Now Detroit’s greatest challenge is building enough cars, Schuster said. Ford said yesterday it plans to boost North American production in the fourth quarter by 6.8% to 785,000 vehicles. Ford just added a shift of 1,400 workers at a Michigan factory to build more Fusions.

Three Shifts

GM is running its Cruze factory in Ohio around-the-clock on three shifts to keep up with demand for the small car that is up 18% this year. Consumer demand for the Cruze “is unprecedented in Chevrolet for decades,” Alan Batey, head of Chevrolet, said on a conference call yesterday.

“I don’t know when we’ve been in a situation where we don’t have enough inventory because things are good,” said Schuster, 45. “It’s been a very long time. It’s out of my memory bank, for sure.”

Factory capacity constraints could be the biggest roadblock to reaching and surpassing the 2000 sales record, Schuster said. Tynan and LMC each forecast industrywide sales will top 17 million in three years.

“While demand appears strong enough to sustain continued growth, supply could get in the way as many manufacturers already are facing tight inventory for many popular models,” said Alec Gutierrez, auto analyst for Kelley Blue Book. “Assuming that the economy remains on stable footing, we should see demand remain strong enough to support annual sales of 16 million units or more moving forward.”

‘Yellow Flags’

Schuster said LMC projects the industry adding 3.4 million vehicles of capacity from 2010 through 2020 in North America, 2 million of which come from new factories in Mexico.

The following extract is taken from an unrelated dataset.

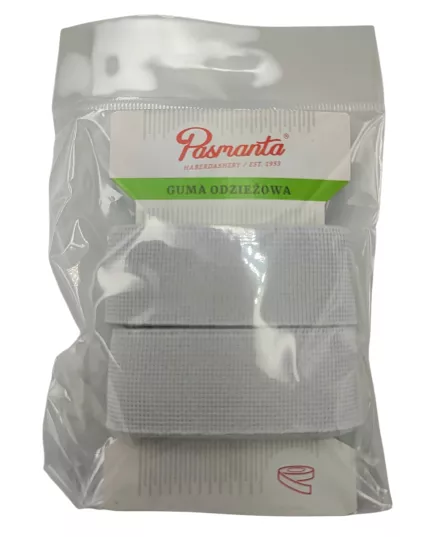 Guma odzieżowa płaska o grubości 5mm i kolorze białym o wysokiej jakości i bardzo dobrej elastyczności.

There remain “yellow flags” in the sluggish economy, such as anemic job and income growth, Tynan said.

“There’s probably more broad economic weakness than the auto numbers would suggest,” Tynan said. “If you just look at the auto sales, you would think we are in full-on recovery and the new boom period. But that’s not the case.”

Fewer Americans filed applications for unemployment benefits last week, the U.S. Labor Department reported today. The jobless claims report showed the four-week moving average, a less volatile measure than the weekly figures, declined to 328,500 last week, the lowest since October 2007, from 331,500.

Spending on cars and housing helped maintain “modest to moderate” economic expansion even as borrowing costs increased, the Federal Reserve said yesterday.